Layanan yang berfungsi sebagai pendamping digital ini bertujuan meminimalkan tindakan impulsif investor seperti fenomena fear of missing out (FOMO) maupun panic selling saat pasar bergejolak. Integrasi teknologi ini menjadikan Tuntun Sekuritas sebagai salah satu pionir pemanfaatan kecerdasan buatan dalam layanan keuangan di Indonesia, dilansir dari Detik iNET.
Direktur Tuntun Sekuritas, Ricki Juliandi, menjelaskan bahwa hambatan utama bagi investor individu sering kali berasal dari faktor internal saat menghadapi dinamika pasar modal. Kehadiran asisten virtual ini diharapkan dapat memberikan dukungan analisis data secara konsisten bagi para pengguna aplikasi.

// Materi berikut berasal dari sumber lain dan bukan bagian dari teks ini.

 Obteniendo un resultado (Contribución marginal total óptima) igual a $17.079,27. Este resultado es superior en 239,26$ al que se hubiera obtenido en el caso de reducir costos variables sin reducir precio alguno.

"Selama ini, musuh terbesar investor ritel bukanlah fluktuasi pasar, melainkan emosi mereka sendiri. Melalui Tuntun AI, kami tidak sekadar memberikan tools trading atau data mentah, tapi menghadirkan 'otak rasional' yang mendampingi mereka 24 jam penuh di dalam aplikasi dalam mendukung analisa data," ujar Ricki Juliandi, Direktur Tuntun Sekuritas.
Fitur ini menggunakan pendekatan decision-support system yang membantu menerjemahkan data pasar yang rumit menjadi wawasan yang lebih relevan dan mudah dipahami. Kemampuan teknologi ini mencakup analisis real-time, evaluasi risiko portofolio, hingga pemantauan sentimen berita yang memengaruhi pergerakan harga saham.

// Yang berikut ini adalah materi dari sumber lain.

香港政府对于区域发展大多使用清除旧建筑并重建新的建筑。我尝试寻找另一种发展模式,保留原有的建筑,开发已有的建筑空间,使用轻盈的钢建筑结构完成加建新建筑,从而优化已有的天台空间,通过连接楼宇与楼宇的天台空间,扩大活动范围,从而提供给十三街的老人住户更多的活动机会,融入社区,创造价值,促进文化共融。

Manajemen menegaskan bahwa meskipun asisten kecerdasan buatan ini memiliki kemampuan analisis mendalam terhadap berbagai sektor industri, kontrol penuh atas transaksi tetap berada di tangan masing-masing individu. Pengguna tetap memiliki wewenang mutlak dalam menentukan strategi penempatan dana mereka.
"Investor tetap memegang kendali penuh dan menjadi pengambil keputusan utama atas dana mereka," kata Ricki Juliandi, Direktur Tuntun Sekuritas.
Seluruh layanan analisis berbasis kecerdasan buatan tersebut saat ini sudah dapat diakses oleh seluruh investor ritel melalui aplikasi Tuntun Sekuritas tanpa dikenakan biaya tambahan.